Just like God hears our prayers but sometimes God has another agenda for us, the disciples wanted to see more cures, but Jesus has another agenda to proclaim the message of good news in other towns. The people wanted to pin Jesus down, to capture his power and charisma and reserve it for themselves. But he had other plans.
We cannot read Jesus’ mind. We cannot bottle God’s power, as much as we would love to be able to put it in a vial so as to inject it whenever someone gets ill.
If we are going to follow Jesus, we will need to leave Simon Peter’s mother-in-law’s house and leave Capernaum and after some time in prayer perhaps in a deserted place, not get pinned down and go to neighboring towns. There, we can see Jesus at work among us. Sometimes it is in bringing healing of various sorts. Sometimes it is preaching words of promise or challenge. Sometimes, it is placing people in our pathways whom we can serve, just as Simon’s mother-in-law served Jesus. Sometimes, it might even be casting out demons in Jesus’ name.
For us to see Jesus in the world, we must not get pinned down either. It was necessary for us to make that long journey to Thailand because we have gotten too comfortable in being pinned down here at FCBC! If we stayed at the Downtown Inn in Chiang Mai much longer, we would have naturally gotten pinned down there too. One of the revelations we received was learning how to get to Thailand. Before we went, it was unfamiliar and too far. Now it is familiar and more importantly, we have seen how God is working among the people there. If our Baptist ancestors wanted to just keep Jesus for themselves in the United States, the hill tribes of Thailand may never have known God. When we listen to God and become faithful to his calling, we don’t get pinned down in San Francisco, we respond by sending our group to Thailand. I can’t wait to see which way God will be calling our church into missions in the days and years to come!

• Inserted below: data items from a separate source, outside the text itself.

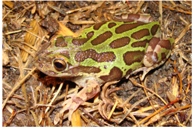
Figure 3. Smilisca dentata (Upland Burrowing Tree-Frog) is a near endemic to the state and endemic to México, its EVS is 14, placing it in the high vulnerability category. Its conservation status has been assessed as Endangered (EN) by IUCN, and threatened (A) species by SEMARNAT.

Reptiles are best represented in the Sierra El Laurel (Region 3; 41 species) and the Sierra Fría (Region 5; 39 species). This same pattern follows for lizards, which are also best represented in both the Sierra El Laurel (Region 3; 15 species) and the Sierra Fría (Region 5; 14 species). The Sierra El Laurel is home to Sceloporus aurantius , a species endemic to a small area, with only three known localities: one located at the Aguascalientes and Jalisco border and two in Zacatecas (Grummer and Bryson 2014; Carbajal-Márquez and Quintero-Díaz 2015; Fig. 4). The representation of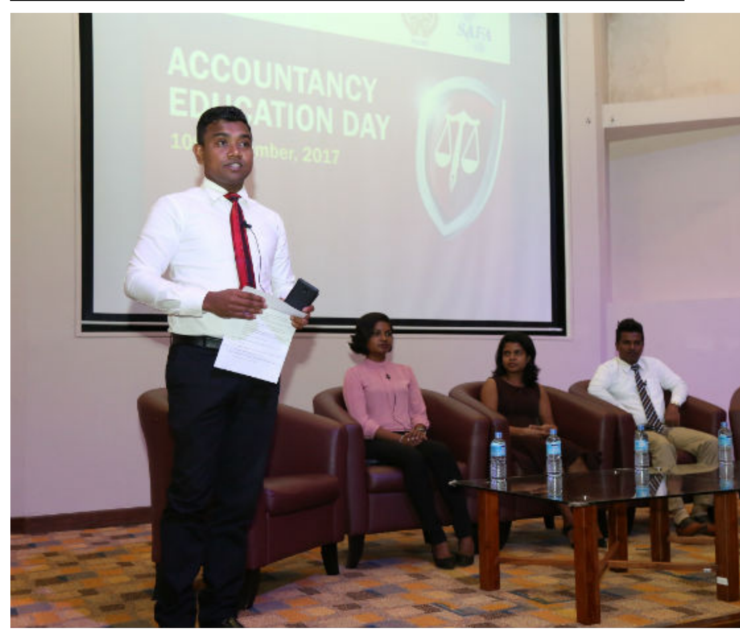
A panel discussion with CA students

ලියන ලද්ද ේ Vigashini 2017 නගවැම්බර් 13 වනෙි සදුදා, 04:49 -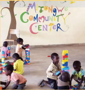
CHILD EQUIPMENT PIECES: 132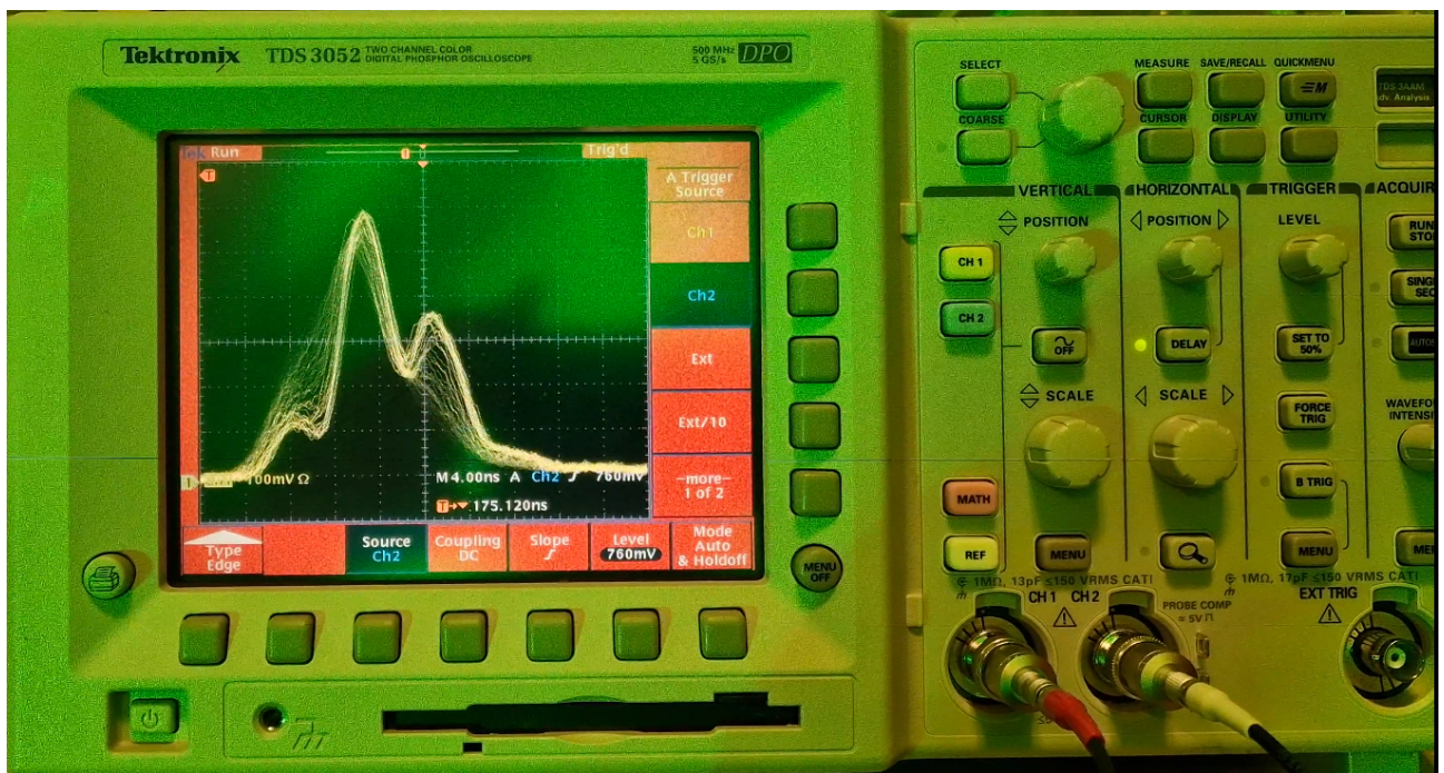
Fig. 3: Temporal courses of the laser pulse during the piezo scan near (top) and outside (bottom) a resonance condition.

God may have an agenda for us and our church that is different from what we want to do. Listen to this often cited prayer:
I asked God for strength that I might achieve.
I was made weak that I might learn humbly to obey.
I asked for health that I might do greater things.
I was given infirmity that I might do better things.
I asked for riches that I might be happy.
I was given poverty that I might be wise.
I asked for power that I might have the praise of people.
I was given weakness that I might feel the need of God.
I asked for all the things that I might enjoy life.
I was given life that I might enjoy all things.
I got nothing that I asked for, but everything I hoped for.
Almost despite myself, my unspoken prayers were answered.
I am, among all people, most richly blessed. (Anonymous)
As we launch this new year in our church, there is nothing wrong with heaving prayers against the door of heaven. And God knows we have many prayers. When Jesus needed strength, he went off to pray. We should do no less.
But we can’t capture him; we cannot pin him down. He has a broader agenda than we will ever see. He will do among us that which is best for us and for the kingdom of heaven. If that isn’t the way we want to go, then maybe our desires need to be realigned with the ways that Jesus chooses to be revealed among us.
In the times when we get to listen in on Jesus’ own prayers, we find that this is what they are about. Not my will be done, but “Thy will be done.” When God’s will is done, Jesus is fully revealed.
Let us pray.
Gracious God, we pray that we are open to listening to your will for our lives and for our church. Comfort us when we discover that a cure may not be forthcoming but give us the grace to celebrate when healing of mind, soul, heart and relationships happen. Teach us to not keep Jesus pinned down for our needs and show us to follow him as he goes out to proclaim the message of hope and peace in the neighboring towns. Amen.